**Task directions:**
Below is a listing; print exactly its lines from the one containing "证券之星消息,截至2025年" down to the one containing "Note10x clips, 3x", both inclusive, with every picture left out.

**Data for this exercise:**
▽
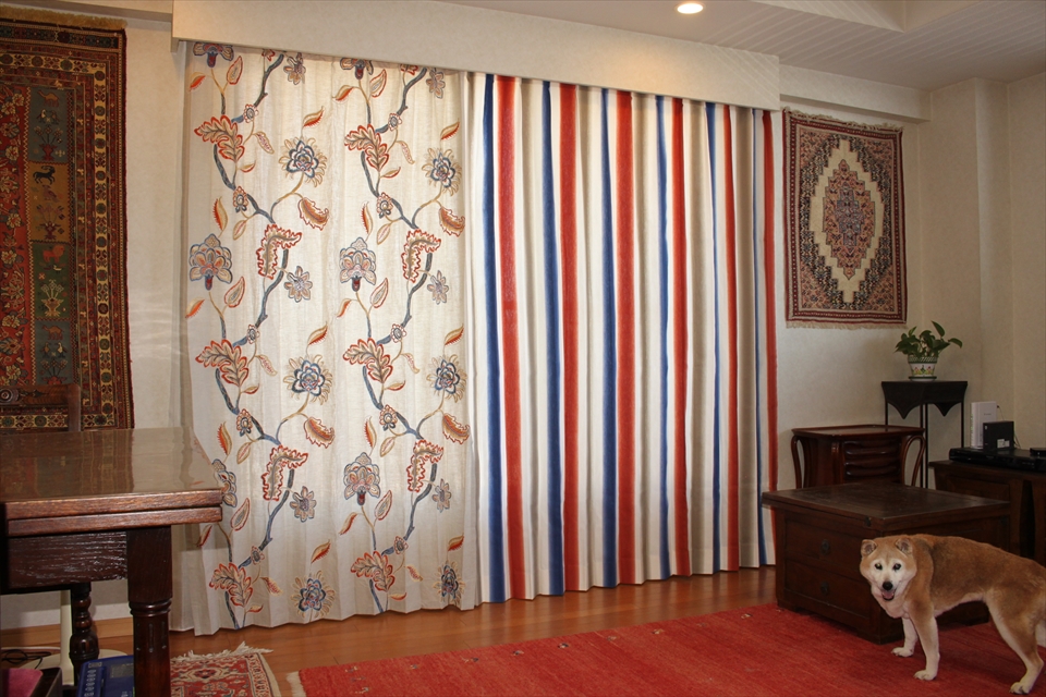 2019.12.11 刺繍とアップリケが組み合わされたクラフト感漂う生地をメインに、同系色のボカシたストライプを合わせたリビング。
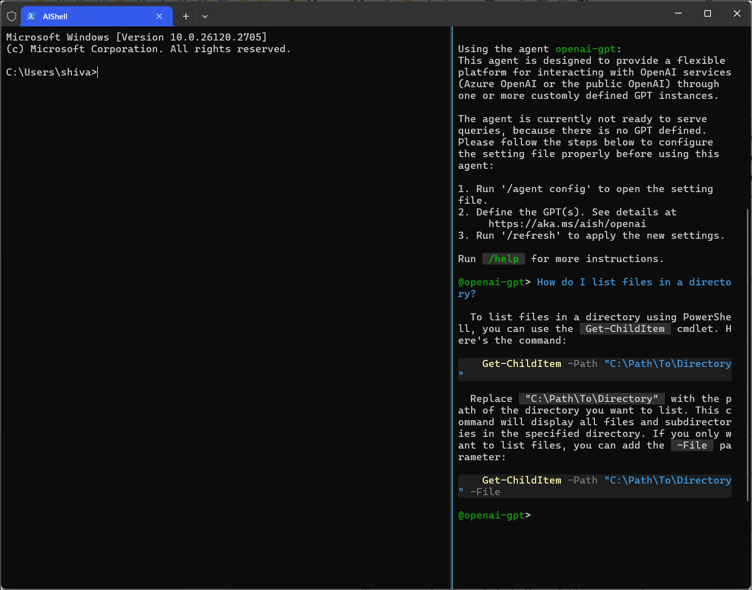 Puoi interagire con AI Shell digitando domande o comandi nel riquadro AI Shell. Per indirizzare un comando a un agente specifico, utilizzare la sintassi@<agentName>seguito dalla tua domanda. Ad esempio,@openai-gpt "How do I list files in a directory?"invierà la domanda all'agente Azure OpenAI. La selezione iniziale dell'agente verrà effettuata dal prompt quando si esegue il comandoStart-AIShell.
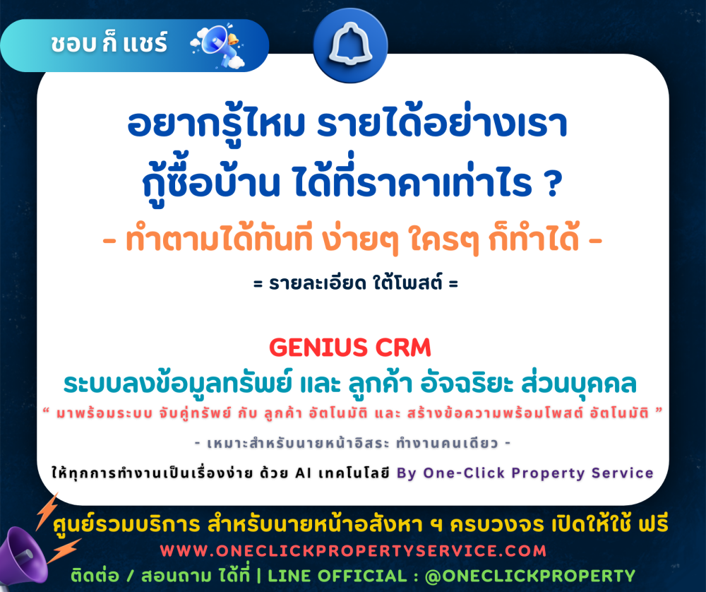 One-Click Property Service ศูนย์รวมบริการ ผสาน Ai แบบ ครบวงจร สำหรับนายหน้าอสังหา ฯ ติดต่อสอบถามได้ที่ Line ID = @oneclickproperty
△
▽
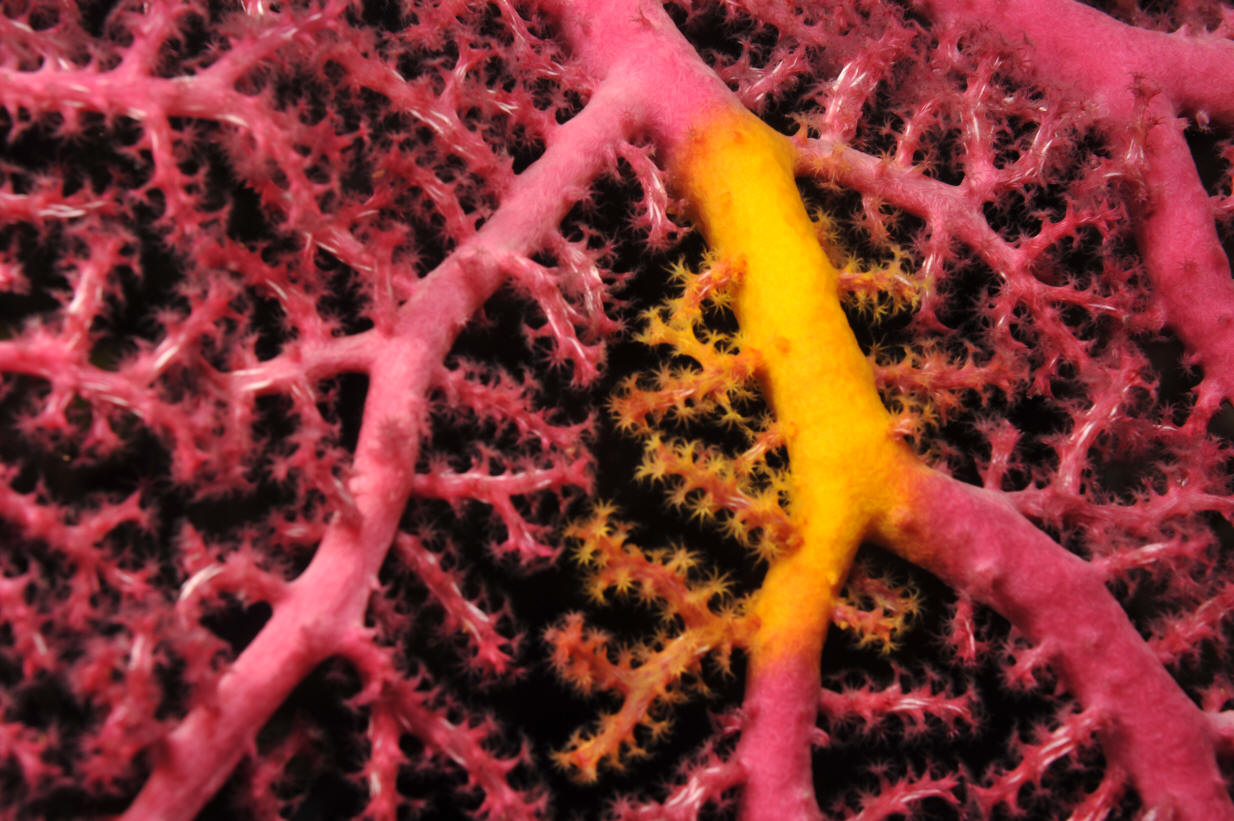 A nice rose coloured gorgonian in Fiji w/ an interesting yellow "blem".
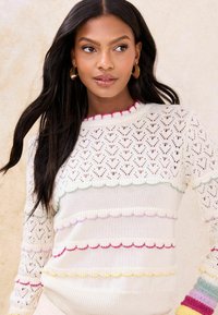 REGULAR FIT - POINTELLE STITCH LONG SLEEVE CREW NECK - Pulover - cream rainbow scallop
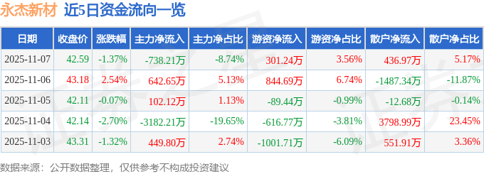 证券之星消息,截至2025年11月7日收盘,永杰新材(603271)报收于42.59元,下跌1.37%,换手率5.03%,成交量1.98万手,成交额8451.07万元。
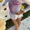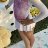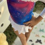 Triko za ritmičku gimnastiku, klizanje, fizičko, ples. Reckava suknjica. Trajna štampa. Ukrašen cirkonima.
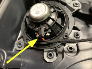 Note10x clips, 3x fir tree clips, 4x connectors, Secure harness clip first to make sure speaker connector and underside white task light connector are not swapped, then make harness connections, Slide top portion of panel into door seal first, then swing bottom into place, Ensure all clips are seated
△
**Answer to this task:**
 证券之星消息,截至2025年11月7日收盘,永杰新材(603271)报收于42.59元,下跌1.37%,换手率5.03%,成交量1.98万手,成交额8451.07万元。
 Triko za ritmičku gimnastiku, klizanje, fizičko, ples. Reckava suknjica. Trajna štampa. Ukrašen cirkonima.
 Note10x clips, 3x fir tree clips, 4x connectors, Secure harness clip first to make sure speaker connector and underside white task light connector are not swapped, then make harness connections, Slide top portion of panel into door seal first, then swing bottom into place, Ensure all clips are seated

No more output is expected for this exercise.